Powrót do zdrowia Polaka na pewno cieszy kibiców warszawskiej drużyny, jednak niepokojąca wydaje się być nieobecność Josue. Portugalczyk opuści mecz ze Śląskiem z powodu żółtych kartek. W tej sytuacji trener będzie zmuszony skorzystać z Jurgena Celhaki lub Juergena Elitima. Czy któryś z nich będzie w stanie zaoferować to samo, co Josue? Raczej nie. Jednak Runajic musi szyć tym, co ma i liczyć na dobry występ we Wrocławiu.
Sto meczów w barwach Legii Warszawa @josuepesqueira7 🫡 Capitão pic.twitter.com/V4SiSA5opt
— Legia Warszawa (@LegiaWarszawa) October 9, 2023
Legia Warszawa – potrzeba przełamania
Legia Warszawa musi wygrać, aby utrzymać kontakt z resztą stawki. Aktualnie ma na koncie 20 oczek, a ich strata do liderującego Śląska wynosi 3 punkty. „Legioniści” nie mogą jednak liczyć na łatwy mecz. Wrocławianie wygrali siedem z ośmiu ostatnich meczów w ekstraklasie oraz mają jedną z najlepszych defensyw w lidze (10 straconych goli – tyle samo co Piast Gliwice). Dodatkowo „Trójkolorowi” potrafią odwracać wynik meczu w końcówce (mecz z Puszczą Niepołomice). To wszystko udowadnia, że Legię czeka ciężka przeprawa. Dodatkowo niepokojąca wydaje się być forma warszawiaków na wyjeździe. W tym sezonie na cztery wyjazdy Legia wygrała tylko raz.

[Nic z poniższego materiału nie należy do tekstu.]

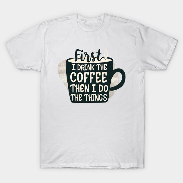Men Black Print T-shirt First I Drink The Coffee, Then I Do The Things - Cup Of Coffee No-Cut Transfer Paper Print Cotton Tshirt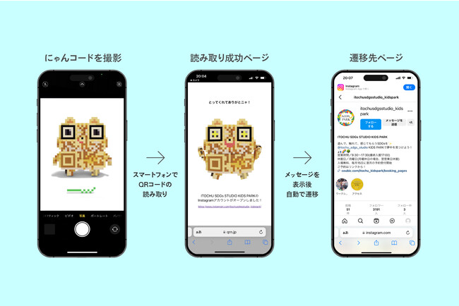 このシステムにより、URLを入力することでオリジナルのにゃんコードを作成し、ブランドに合ったカラーリング変更などカスタマイズすることができます。(なお、これらの技術は現在特許出願中です。)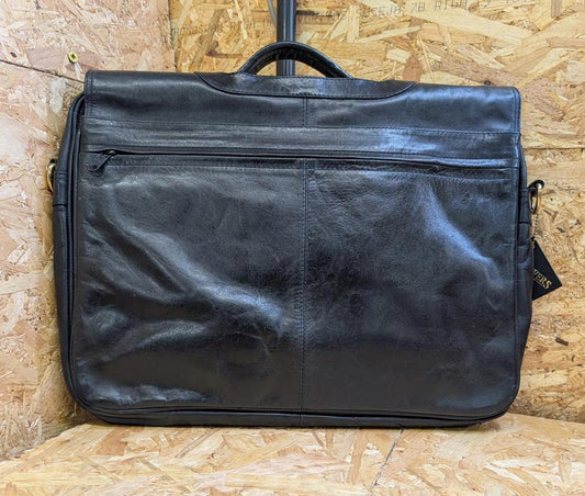 Hidesign Quality Leather Black 15.5" Messenger Bag Medium Briefcase Satchel Book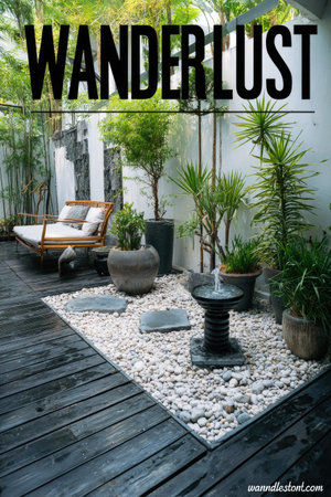 An inviting outdoor patio showcases a water fountain surrounded by pebbles and planters. The scene features lush green plants, and a wooden lounge chair. The composition is well-lit, suggesting a bright day. The image could be used for lifestyle, travel, and wellness-related commercial projects.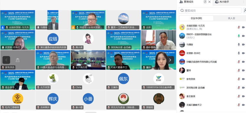 9月2日全国农贸联组织举行的农产品供应链合作及采购说明会,作为本次产销大会的首场活动,于线上举行,内蒙古食全食美股份有限公司、南京农副产品物流配送中心有限公司、深圳市海吉星国际农产品物流管理有限公司、北京一亩田新农网络科技有限公司、无锡天鹏菜篮子工程有限公司、重庆观音桥市场有限公司、深圳市鑫鸿泰果蔬有限公司等大型农批市场及经销商代表就农产品市场的新变化、农产品批发市场及经销商等与产地的供应链合作方式、要求、产销对接的措施,以及采购需求品类等信息进行分享交流。“五省两市一区”的农产品产地政府部门、生产基地、供应商等有关负责人在线上参加会议。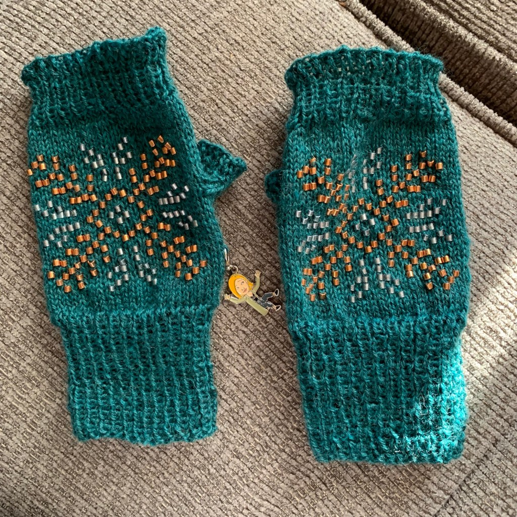 The mitts are done! I finished the second one on Monday. Although I’m usually a fan of loading up beads on a SuperFloss strand, the quality of the strands took a nosedive, and I found it was falling apart as I worked the first mitt. Plus, the bead sequence is specific and not really intuitive. So I placed the beads on the second mitt with a crochet hook.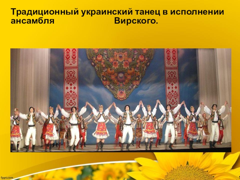 Слайд 7Традиционный украинский танец в исполнении ансамбля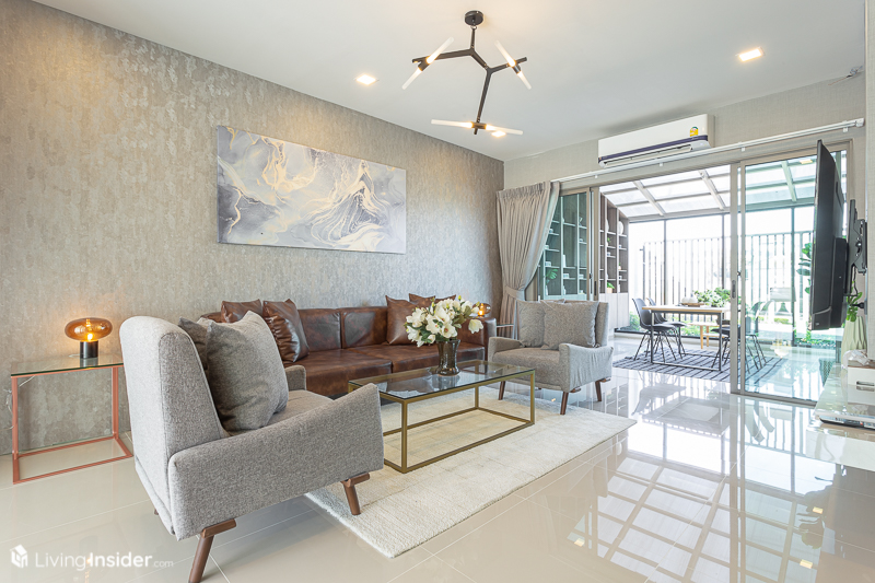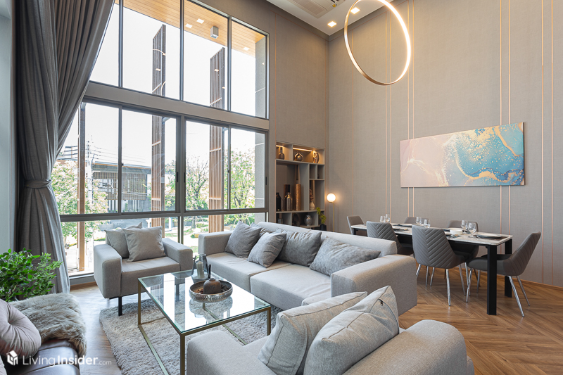 มาถึงไฮไลท์สำคัญของบ้านอย่าง ห้องนั่งเล่น คือดูดีสุดๆ สัมผัสได้ถึงความปลอดโปร่งโล่งสบาย ด้วยการดีไซน์ให้เกิด High Ceiling Double Space สูงถึง 5 เมตร พื้นที่ใช้สอบ 77 ตร.ม. พร้อมกับช่องแสงขนาดใหญ่จากพื้นจนสูงเกือบถึงเพดาน และได้หน้าต่างแบบบานเลื่อน ที่ตรงกับประตูด้านหลังบ้านด้วย จึงทำให้ลมไหลเวียนเข้ามาในห้องได้มากกว่าเดิม

Patrząc na mecze obu drużyn w przeszłości, lepiej wypada stołeczny zespół. W ostatnich pięciu potyczkach we Wrocławiu „Legioniści” stracili zaledwie jedną bramkę. Dodatkowo na przestrzeni ostatnich lat dwukrotnie zdarzało się, żeby Legia przyjeżdżała do Wrocławia, kiedy Śląsk był liderem. W obu meczach warszawiacy odnieśli wysokie zwycięstwa.
Jak wiadomo statystyki nie grają, liczy się determinacja i dyspozycja dnia. Kibice stołecznej drużyny mają nadzieję, że przerwa reprezentacyjna pomogła trenerowi w zdiagnozowaniu problemu i ułożeniu odpowiedniej taktyki. Przekonamy się o tym najbliższą sobotę o godzinie 17:30.